Attorney General Eric Holder's resignation, announced Thursday, hardly came as a surprise. One of the few remaining members of President Obama’s original cabinet, had long made no secret of his intention to step down before the end of the president's second term. Obama has repeatedly asked him to stick around, even though Holder is one of the most divisive attorneys general in history: In April, the House voted to hold him in contempt of Congress. His replacement is bound to be controversial and Obama will need the Senate to confirm his selection.
Holder has said he will remain in his post until his successor is named, potentially an effort to push a vote along before November’s midterm elections, which could end the Democrat majority in the Senate. It is more likely that the vote will occur after the midterms, either during the lame-duck session or even early next year.

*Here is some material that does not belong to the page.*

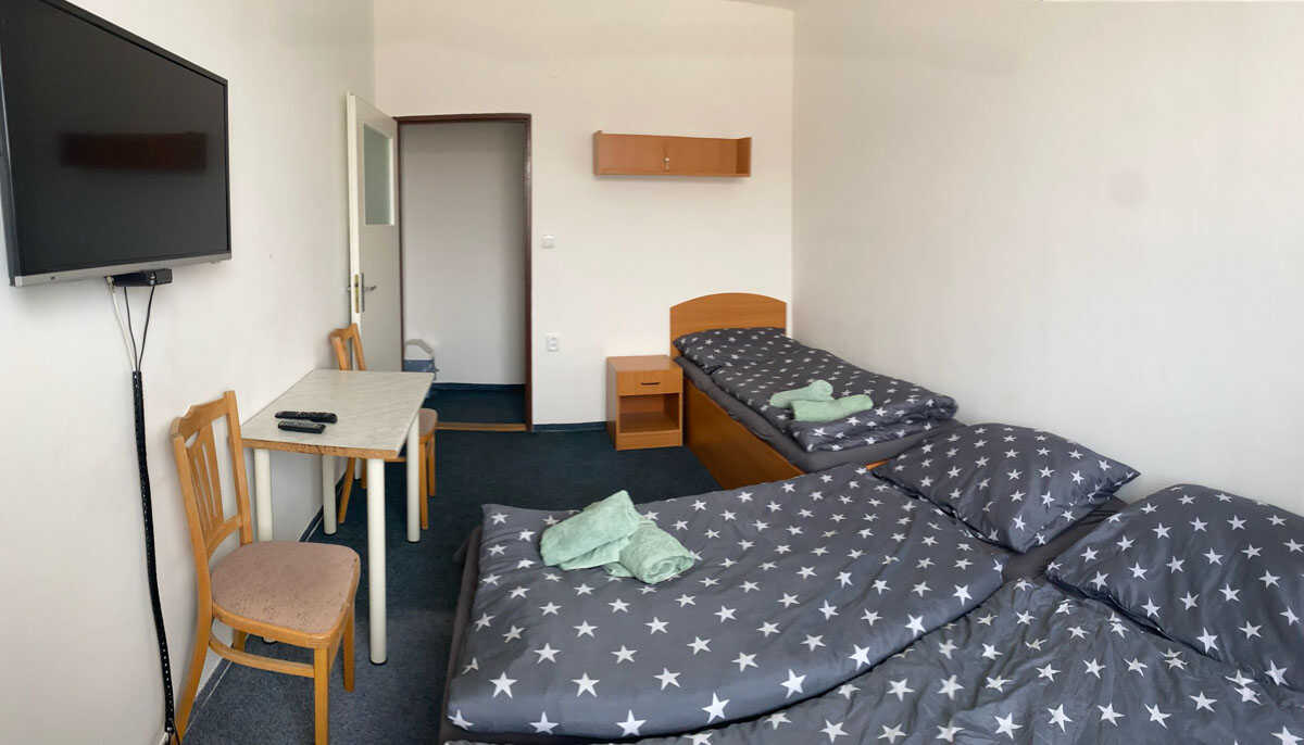 Každý pokoj je vybaven televizorem, malou ledničkou a samozřejmostí je Wi-Fi připojení zdarma.

The final years of Obama’s presidency will require the new attorney general to craft legal defenses for an increasingly expansive war against the Islamic State (and potentially, the Khorasan Group) and executive action on immigration. Here's are the four most likely successors.
Don Verrilli
The current U.S. solicitor general represents the federal government before the Supreme Court, making him well positioned to move into the job of giving legal advice to the government. In 2012, he defended Obamacare in what Mother Jonescalled “the worst Supreme Court argument of all time.” But he was ultimately successful and when the Supreme Court upheld the ruling in June, the first phone call Obama made was to thank Verrilli for his work.
The Senate confirmed Verrilli for his current position in 2011, by a 72-16 vote. Before that, he served as the White House deputy counsel to the president and was reportedly well liked in the administration, both professionally and personally.
Preet Bharara
Bharara was unanimously confirmed by the Senate in 2009 to serve as the U.S. attorney for the Southern District of New York. Since then, he’s had numerous courtroom successes prosecuting terrorists and white-collar criminals—areas in which Holder fell short. Bharara secured life sentences for Faisal Shahzad, the Times Square bomber, and Ahmed Ghailani, one of the orchestrators of the 1998 Embassy bombings in Kenya and Tanzania. He also prosecuted participants in the Bernie Madoff Ponzi scheme, sending Peter Madoff to prison for ten years.
Bharara has close ties from the very people who need to confirm him: He was the chief counsel and staff director to a Senate subcommittee on administrative oversight in the courts. But in August he negated rumors of his attorney general aspirations. “I have no interest and desire to seek political office,” he told The New York Times. “Not now of ever.” But that’s what they all say.
Deval Patrick
The current governor of Massachusetts is set to leave office in January, and happened to travel to Washington on Thursday, the day Holder announced his resignation. Coincidence? His office swears that the governor was already planning to head south for a Congressional Black Caucus event.
Under President Clinton, Patrick headed the Justice Department’s Civil Rights Division. He is the first black governor of Massachusetts, and capable of continuing Holder’s efforts to address racial tension between law enforcement and minorities. He is also a close friend and political ally of Obama. Speaking at a press conference Thursday morning in Boston, Patrick thanked Holder for his service as attorney general and added, “That’s an enormously important job but it’s not one for me right now.” Whether this statement is a requisite display of modesty, or a genuine lack of interest in the job, Patrick wouldn’t be the first person Obama has coaxed into a cabinet position.
Jennifer Granholm
Granholm has served as both the attorney general and governor of Michigan. She led the state through the economic recession, which hit her state especially hard. When the automotive and manufacturing industries were crippled, she focused on diversifying the economy and bringing clean energy jobs to Michigan.
Her legacy as attorney general of Michigan is mixed: she was praised for doing right by the law, even when it did not support her own policy or political inclinations. But Bill Ballenger, the editor of a local political newsletter, called her term unremarkable. “Nobody can remember an opinion by Jennifer Granholm,” he said back in 2009. “She didn’t leave an impression,” he added. “She really didn’t have time to leave an impression.”
Nonetheless, in 2013, Politico listed her among a group of people that Obama wanted to place in a high-level administration position.